Whiplash settlements
in Kentucky.
Kentucky applies pure comparative negligence with one of the shortest US personal-injury limitation windows — just one year. For whiplash claims specifically, the band is built from the state-by-state tort law · jury verdict reporters · statutory caps framework and then adjusted for Kentucky's pure comparative negligence.
Kentucky applies pure comparative negligence, which means a whiplash claimant who is partly responsible for their own injury still recovers — the award is reduced by the percentage of fault attributed to them, but never barred.
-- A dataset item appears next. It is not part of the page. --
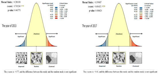In order to further explore the spatial correlation between the degree of coupling coordination of the sports industry and regional sustainable development in 11 provinces and cities in the eastern region, we used the ARCGIS 10.2 software to calculate the Moran index of the coupling coordination of the two major systems in 2013 and 2017, respectively: when it is larger than 0, it indicates that there is positive spatial correlation; when it is less than 0, it indicates that there is negative spatial correlation; when the value is close to 0, it indicates that the degree of spatial correlation is low or randomly distributed [50]. It can be seen from Figure 4 that the Moran indices in 2013 and 2017 were −0.2801 and −0.191, respectively, and the Z scores were −0.77 and −0.41, indicating that the pattern is randomly distributed in space and there is no spatial aggregation phenomenon. Therefore, the spillover effect of the coupling coordination of the two major systems of the 11 provinces and cities in the eastern region is insufficient, and there is a phenomenon of own development, and this phenomenon has persisted for a long time.

This is materially more claimant-friendly than the modified or contributory rules in neighbouring jurisdictions, and it shows up in whiplash settlements where comparative fault is contested (the claimant who failed to mitigate, the unbelted occupant, the worker who departed from a safety protocol).
Kentucky does not impose a state-specific statutory cap on the standard heads of damage in whiplash cases. The band is constrained primarily by jury verdict ranges, insurance policy limits, and the strength of the medical paper trail. Catastrophic whiplash claims with documented future care needs can clear the upper end of the band without bumping into a statutory ceiling.
Kentucky operates a choice no-fault auto framework: drivers elect between full tort and limited tort at policy inception. For whiplash claims arising from auto accidents, the election matters — limited-tort claimants face a higher threshold before non-economic damages become recoverable.
The US band is the starting point. Kentucky's fault rule and any applicable cap then adjust the figure.